**EXERCISE BRIEF**. Only the lines in the entries below from the line with "- Les pieux" to the line with "Do políčka „Discount", both included, belong in the answer, transcribed exactly and without pictures.

**ENTRIES SHOWN**.
▼▼▼

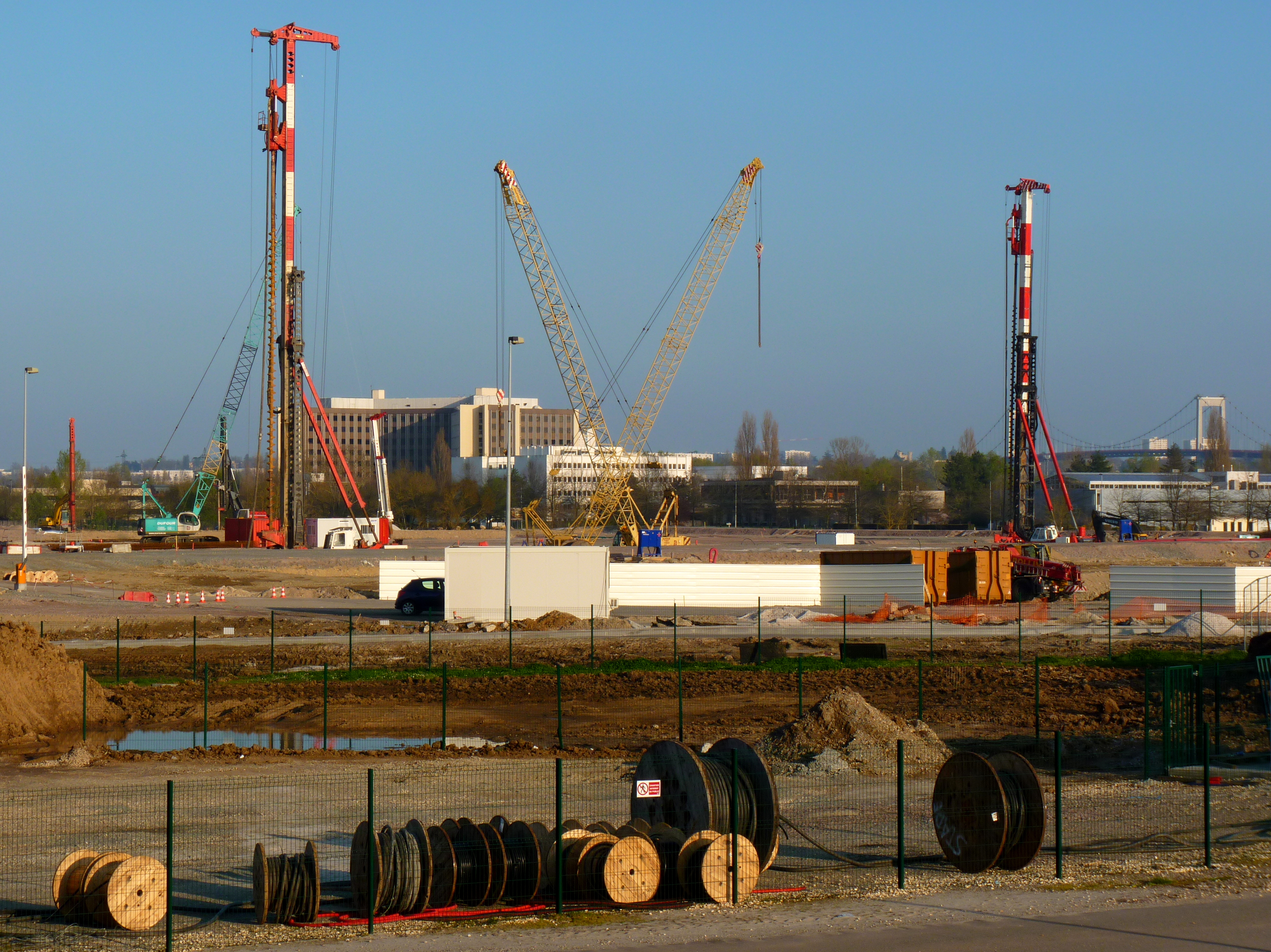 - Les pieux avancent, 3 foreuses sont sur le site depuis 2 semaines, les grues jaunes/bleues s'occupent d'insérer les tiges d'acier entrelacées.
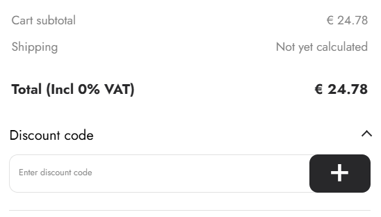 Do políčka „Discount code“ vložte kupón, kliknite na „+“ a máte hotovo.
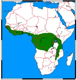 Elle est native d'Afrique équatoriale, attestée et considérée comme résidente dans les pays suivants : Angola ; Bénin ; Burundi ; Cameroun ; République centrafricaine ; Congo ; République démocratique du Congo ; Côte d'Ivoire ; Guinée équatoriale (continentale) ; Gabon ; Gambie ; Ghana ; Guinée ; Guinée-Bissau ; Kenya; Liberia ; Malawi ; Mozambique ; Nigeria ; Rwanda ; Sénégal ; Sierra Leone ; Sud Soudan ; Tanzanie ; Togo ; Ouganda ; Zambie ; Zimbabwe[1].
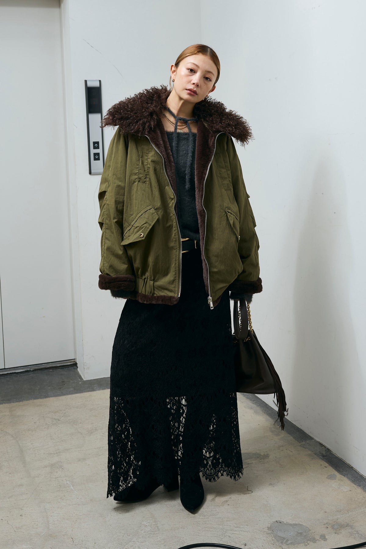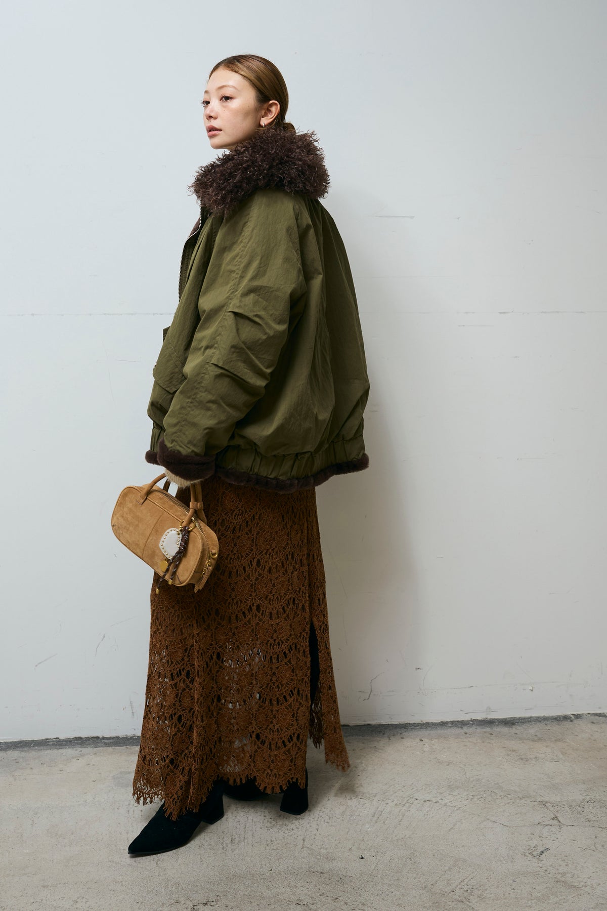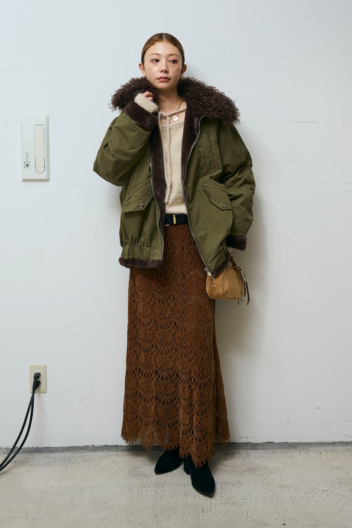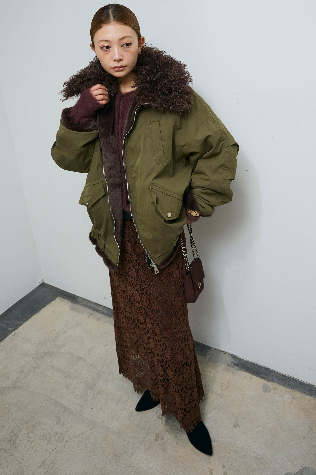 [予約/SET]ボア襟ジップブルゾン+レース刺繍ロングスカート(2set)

▲▲▲
▼▼▼

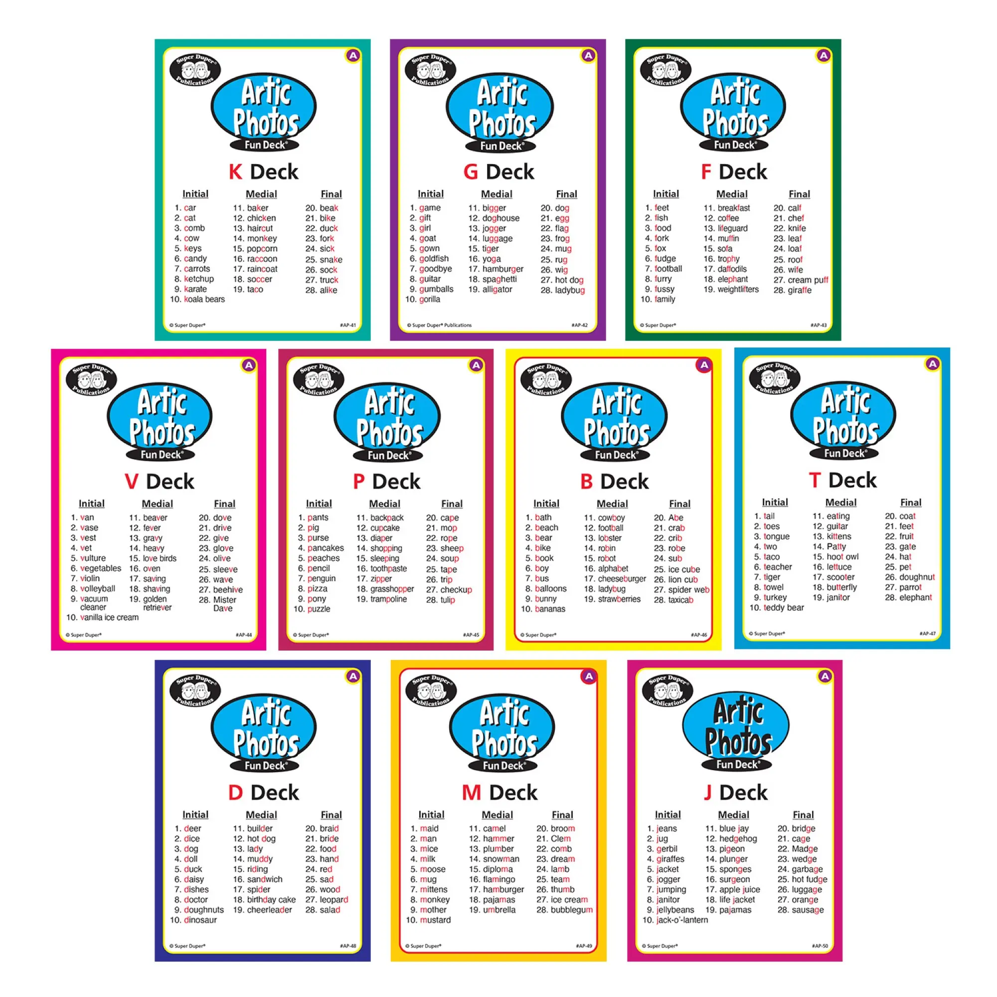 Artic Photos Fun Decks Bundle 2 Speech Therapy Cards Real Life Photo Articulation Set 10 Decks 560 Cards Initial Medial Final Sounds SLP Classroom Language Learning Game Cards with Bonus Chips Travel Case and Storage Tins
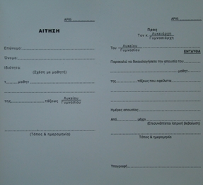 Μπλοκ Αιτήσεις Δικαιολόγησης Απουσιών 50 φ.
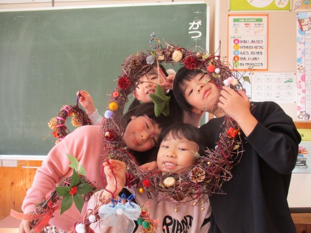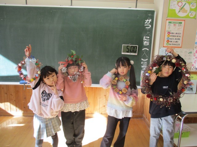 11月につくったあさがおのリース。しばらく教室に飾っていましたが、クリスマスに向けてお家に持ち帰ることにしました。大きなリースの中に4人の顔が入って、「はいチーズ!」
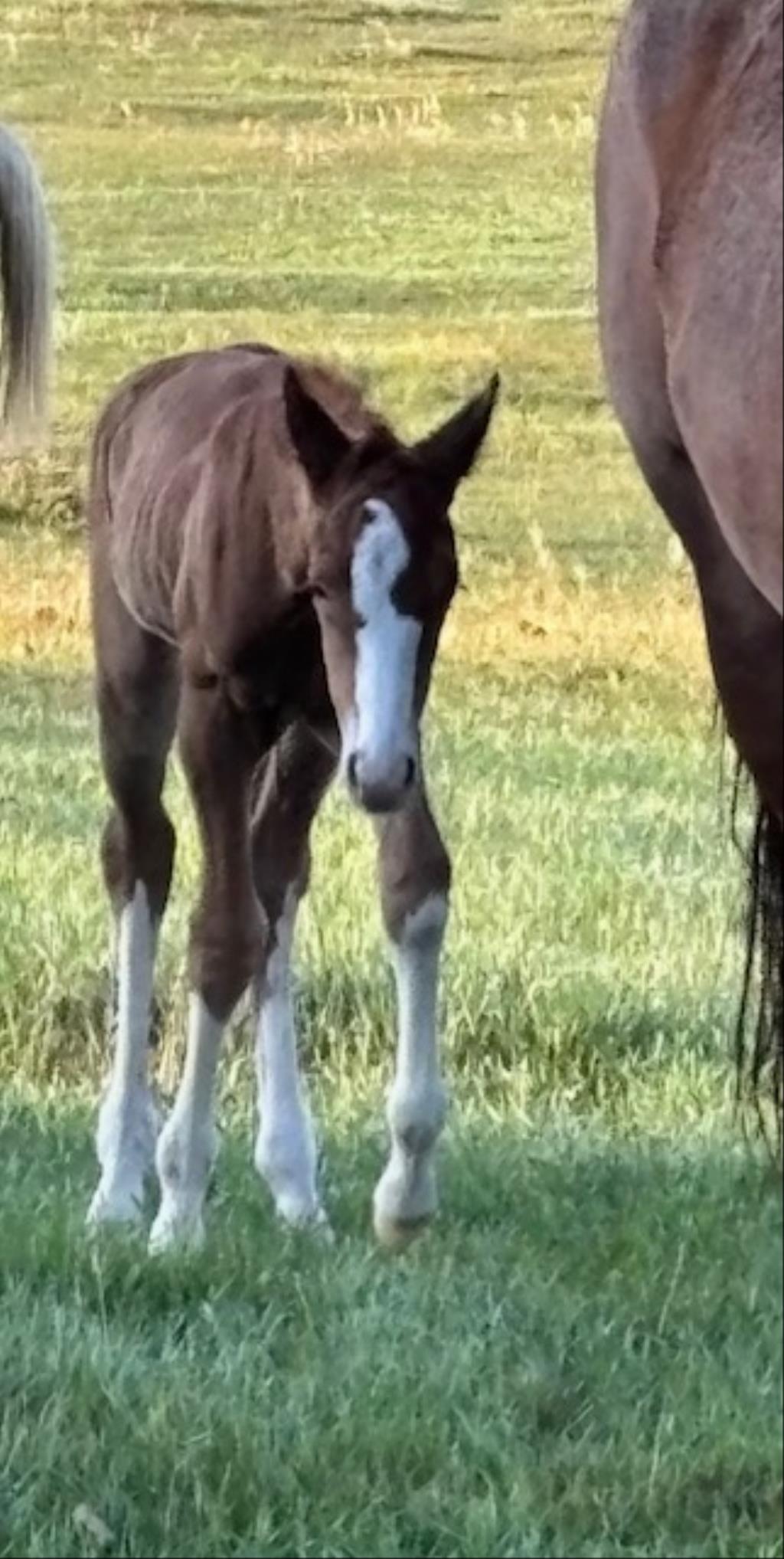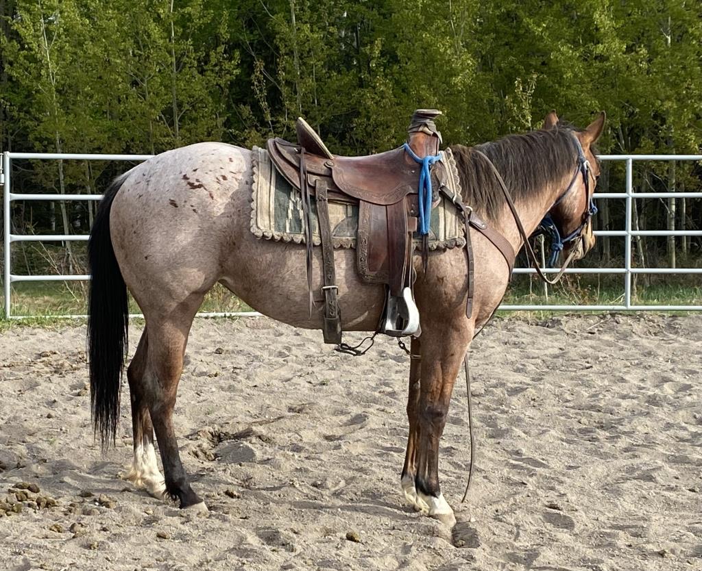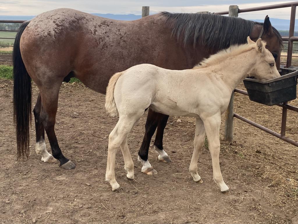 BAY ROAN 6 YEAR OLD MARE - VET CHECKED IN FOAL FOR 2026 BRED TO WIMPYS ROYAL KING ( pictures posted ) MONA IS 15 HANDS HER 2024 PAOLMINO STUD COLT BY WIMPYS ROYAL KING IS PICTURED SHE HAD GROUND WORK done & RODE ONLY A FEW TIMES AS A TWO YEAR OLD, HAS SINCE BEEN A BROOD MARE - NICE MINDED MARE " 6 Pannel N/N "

▲▲▲

**TASK RESULT**.
 - Les pieux avancent, 3 foreuses sont sur le site depuis 2 semaines, les grues jaunes/bleues s'occupent d'insérer les tiges d'acier entrelacées.
 Do políčka „Discount code“ vložte kupón, kliknite na „+“ a máte hotovo.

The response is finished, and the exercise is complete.